9
votes

I have a multi-regional testing setup on GKE k8s 1.9.4. Every cluster has:

  • an ingress, configured with kubemci
  • 3 node pools with different node labels:
    • default-pool system (1vCPU / 2GB RAM)
    • frontend-pool frontend (2vCPU / 2GB RAM)
    • backend-pool backend (1vCPU / 600Mb RAM)
  • HPA with scaling by the custom metric

So stuff like prometheus-operator, prometheus-server, custom-metrics-api-server and kube-state-metrics attached to a node with system label.

Frontend and backend pod attached to nodes with frontend and backend labels respectively (single pod to a single node), see podantiaffinity.
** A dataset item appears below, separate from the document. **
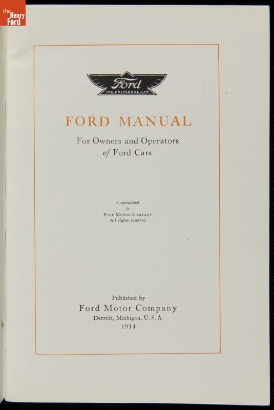 "Ford Manual for Owners and Operators of Ford Cars," 1914

After autoscaling scales backend or frontend pods down, them nodes remains to stay, as there appear to be pods from kube-system namespace, i.e heapster. This leads to a situation when node with frontend / backend label stays alive after downscaling even there's no backend or frontend pod left on it.

The question is: how can I avoid creating kube-system pods on the nodes, that serving my application (if this is really sane and possible)?

Guess, I should use taints and tolerations for backend and frontend nodes, but how it can be combined with HPA and in-cluster node autoscaler?

2

2 Answers

6
votes

Seems like taints and tolerations did the trick.

Create a cluster with a default node pool (for monitoring and kube-system):

gcloud container --project "my-project-id" clusters create "app-europe" \
  --zone "europe-west1-b" --username="admin" --cluster-version "1.9.4-gke.1" --machine-type "custom-2-4096" \
  --image-type "COS" --disk-size "10" --num-nodes "1" --network "default" --enable-cloud-logging --enable-cloud-monitoring \
  --maintenance-window "01:00" --node-labels=region=europe-west1,role=system

Create node pool for your application:

gcloud container --project "my-project-id" node-pools create "frontend" \
      --cluster "app-europe" --zone "europe-west1-b" --machine-type "custom-2-2048" --image-type "COS" \
      --disk-size "10" --node-labels=region=europe-west1,role=frontend \
      --node-taints app=frontend:NoSchedule \
      --enable-autoscaling --num-nodes "1" --min-nodes="1" --max-nodes="3"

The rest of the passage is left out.